Some systems are experiencing issues

Past Incidents

Wednesday 28th July 2021

MongoDB shared cluster Performance issues on one node of our free MongoDB cluster

09:27 UTC - Monitoring agent on one of the nodes stopped responding then started responding again a few seconds afterwards. We put it on a random network error. 09:39 UTC - Some users start to have issues using their free add-on. 09:40 UTC - We investigate. It turns out that the mongodb process was not really listening to incoming connections anymore. 09:42 UTC - We try to restart the service. 09:46 UTC - We actually reboot the whole VM. 09:47 UTC - The VM is up and running, the mongodb process is cleaning itself up. 09:50 UTC - The mongodb process finishes its cleanup and starts accepting connections again.

Tuesday 27th July 2021

Infrastructure PAR: High load on some hypervisors, leading to applications / add-ons slowness and Monitoring/Unreachable events

Starting at 5:54 UTC and up until 6:12 UTC, some hypervisors experienced higher CPU load. This higher load may have slowed down applications and add-ons that were hosted on those hypervisors.

The root cause has been identified. Unfortunately, the higher load also triggered a lot of redeployments with the Monitoring/Unreachable cause. Most of them were cancelled on time but some of them went through. Some of the deployments that started did not correctly finish and ended-up in a blocked state. Those deployments are currently being canceled and all cancels should be over in a few minutes.

We have developed a fix that will prevent those events from happening again and it will be deploy in the next hours.

Monday 26th July 2021

No incidents reported

Sunday 25th July 2021

Infrastructure PAR: High load on some hypervisors, leading to applications / add-ons slowness and Monitoring/Unreachable events

Starting at 18:13 UTC and up until 18:43 UTC, some hypervisors experienced higher CPU load.

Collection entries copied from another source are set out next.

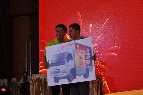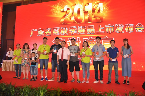 晚宴上,華光滿溢,在答謝晚宴中,不僅有康康舞、草裙舞、本山傳媒簽約藝人的精彩二人轉(zhuǎn)、搖滾歌手、美王品牌代言人星光大道年度總冠軍玖月奇跡等演藝界明星獻上的精彩節(jié)目,抽獎環(huán)節(jié),熱門的小米手機,iPad mini,iPhone5S等豐厚大獎有序推出,陸續(xù)揭曉,近百位嘉賓喜獲幸運大獎,滿載而歸,更將晚會推向高潮,而特等獎東風(fēng)霸王小汽車的落定,更是向到場嘉賓展示了一個真實又豐富多彩的名臣,名臣股份總經(jīng)理陳勤發(fā)及傳統(tǒng)渠道營銷中心總監(jiān)程紅垓為中獎代理商頒發(fā)了大獎。
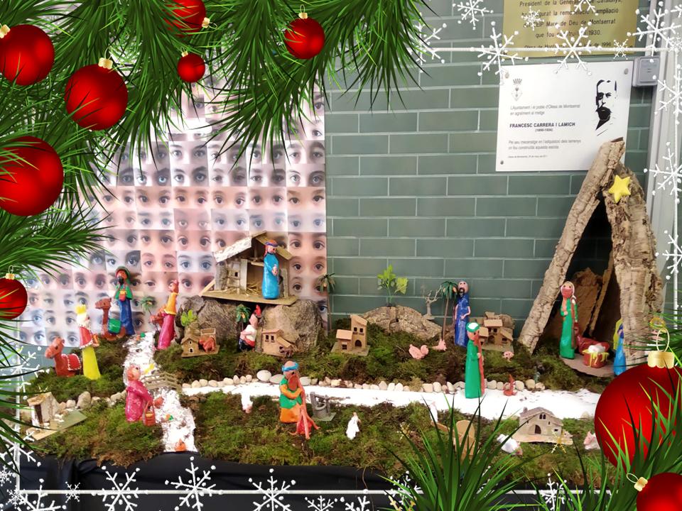 Alguns nens i nenes de 5è  han estat treballant molt per acabar el seu pessebre i decorar l’escola, també han pintat els vidres de l’entrada amb motius de Nadal.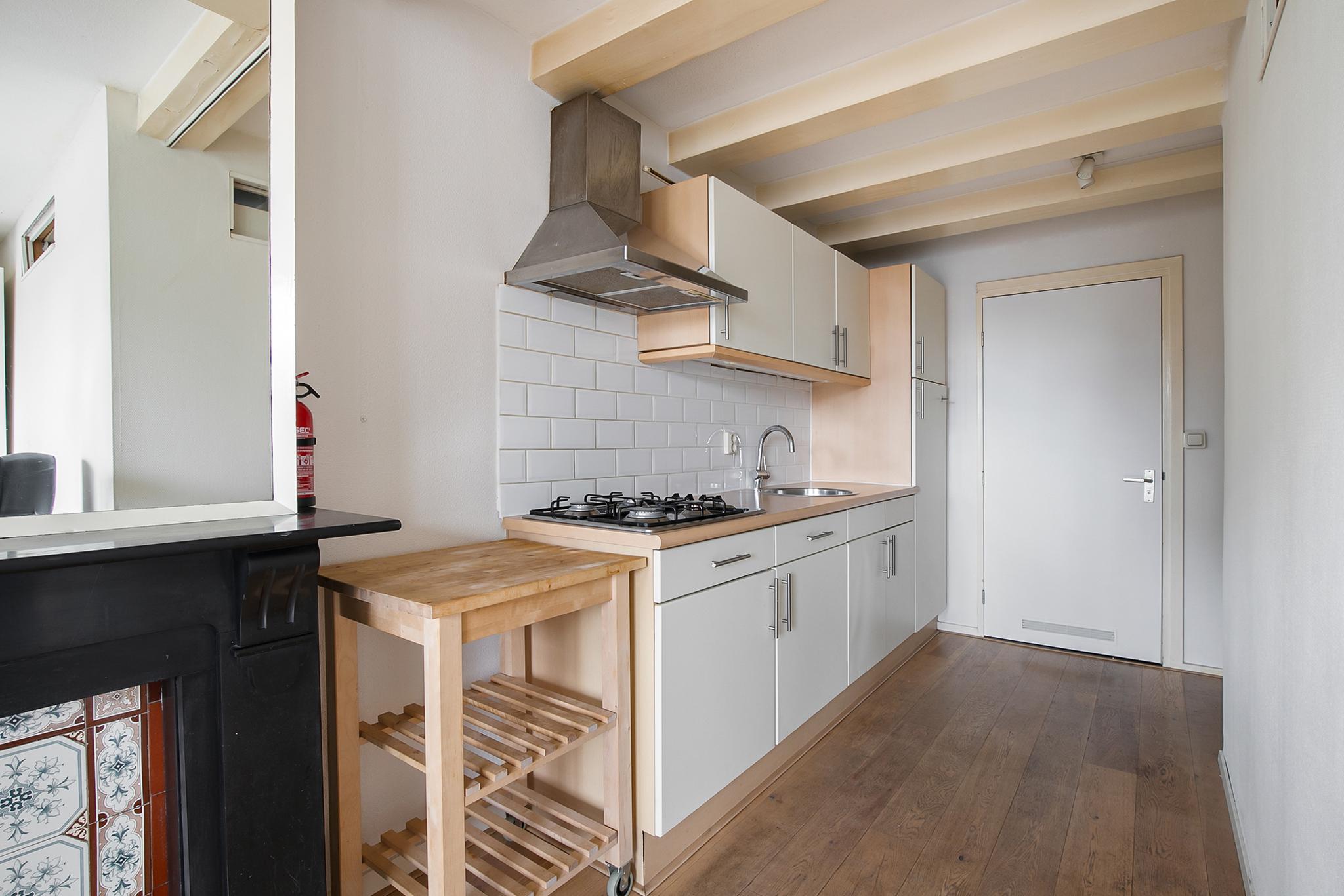 De open keuken is voorzien van een licht keukenmeubel en diverse inbouw apparatuur zoals een, koel- en vrieskast en gaskookplaat met afzuigkap. De slaapkamer heeft een lichte afwerking en is eveneens voorzien van een balkenplafond en een venster. Dit zorgt voor een aangenaam lichtinval en een rustige sfeer. De badkamer is voorzien van een lichte wandtegel gecombineerd met een donkere vloertegel en uitgerust met een douche, wastafel, hangend toilet en witgoedaansluiting.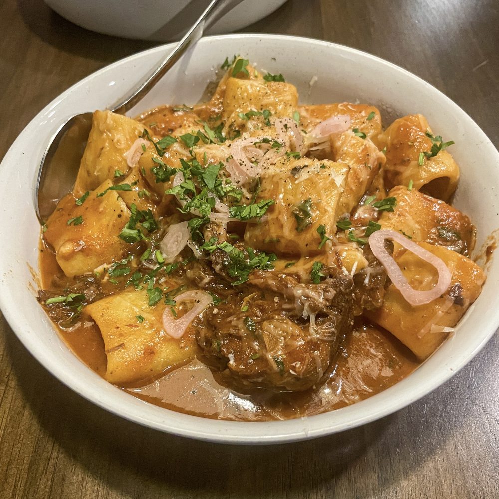 PACCHERI: Braised short ribs – gorgonzola rosemary – caciocavello – pickled shallots
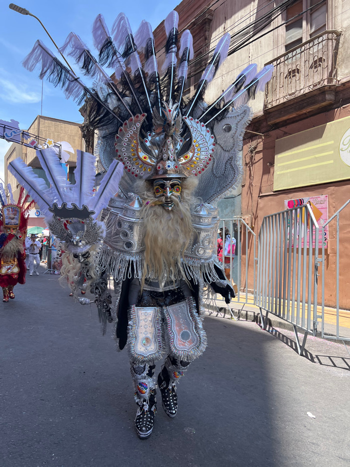 Two people in elaborate silver costumes, possibly from a Bolivian carnival or cultural festival, walk down a street. The costumes feature feathered headdresses, detailed masks with long blonde hair, a…read more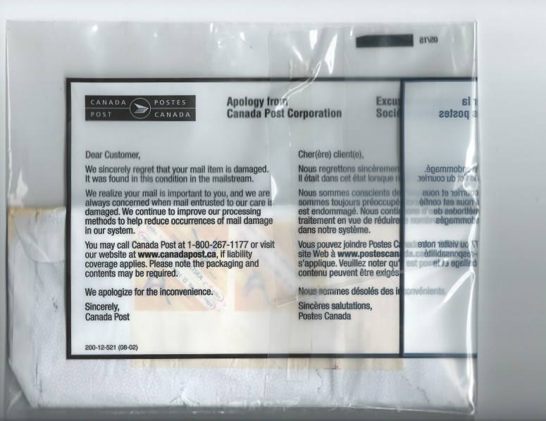 The sender of the letter did a good job of protecting the contents, I think. These are common stamps after all, and this damage is uncommon in my experience. But if I were sending expensive stamps through the mail, I’d be sure to add a waterproof layer inside the envelope too. If this were a mint Penny Black I’d be mighty upset at Canada Post right now.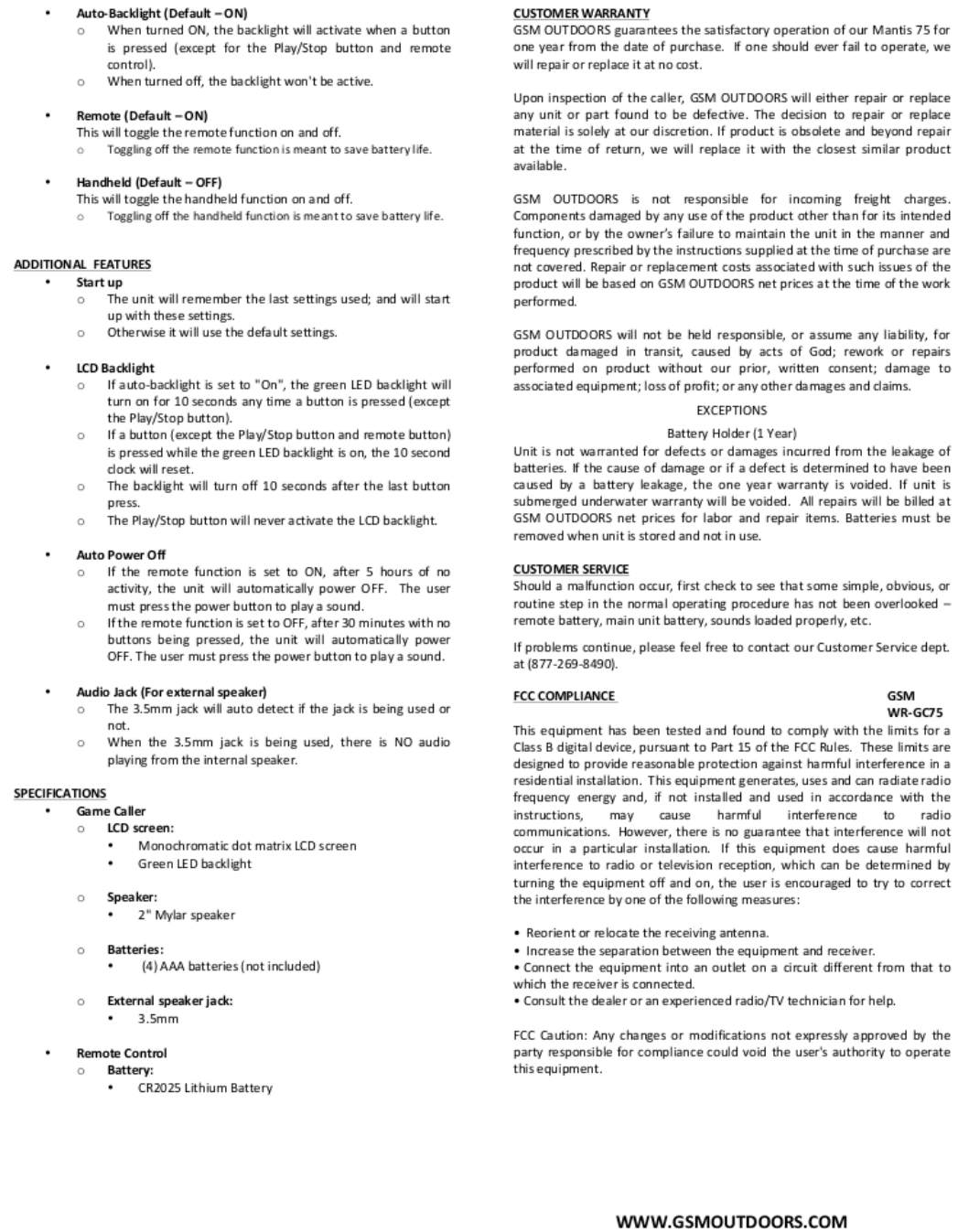 K Mark GL-WRCGCREM Remote for Mantis 75R User Manual Manual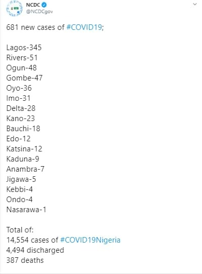 In total, Nigeria has now recorded 14,554 cases of COVID-19. 4,494 patients have been discharged from various Isolation centers across the country, while 387 deaths have been recorded.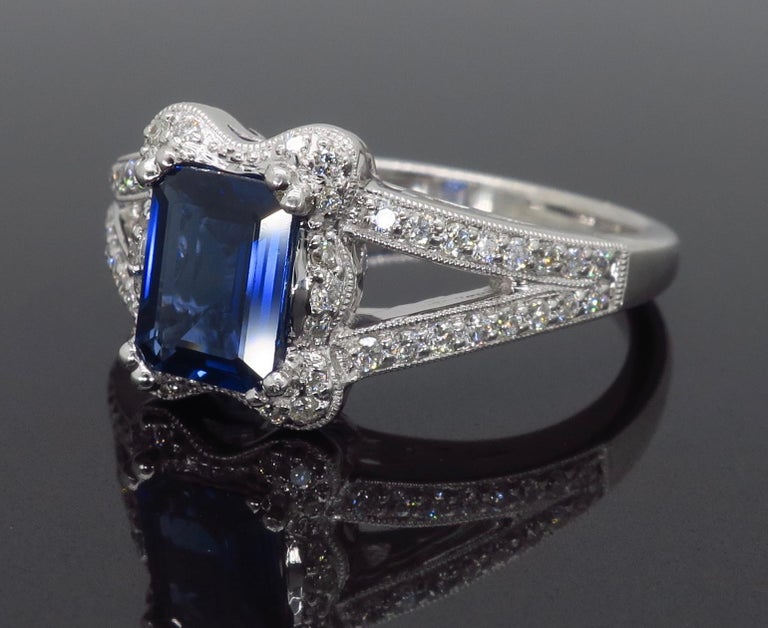 4.5 out of 5 stars. 5.00ct blue sapphire and diamond engagement wedding ring 10k white gold over $134.99 Work with the expert designers at joseph jewelry online or in our bellevue and seattle area showrooms to customize your own emerald cut engagement ring with a halo, solitaire, vintage, or classic design. Emerald cut sapphire engagement ring, blue sapphire ring, three stone ring, promise ring, blue gemstone ring, september birthstone ring. This ring cannot be resized.

This higher load may have slowed down applications and add-ons that were hosted on those hypervisors.

The root cause has been identified and the issue has been fixed. Unfortunately, the higher load also triggered a lot of redeployments with the Monitoring/Unreachable cause. Most of them were cancelled on time but some of them went through. Some of the deployments that started did not correctly finish and ended-up in a blocked state. Those deployments are currently being canceled and all cancels should be over in a few minutes.

We will investigate more in depth about this increased CPU load usage and see how we can better prevent this.

Saturday 24th July 2021

No incidents reported

Friday 23rd July 2021

No incidents reported

Thursday 22nd July 2021

No incidents reported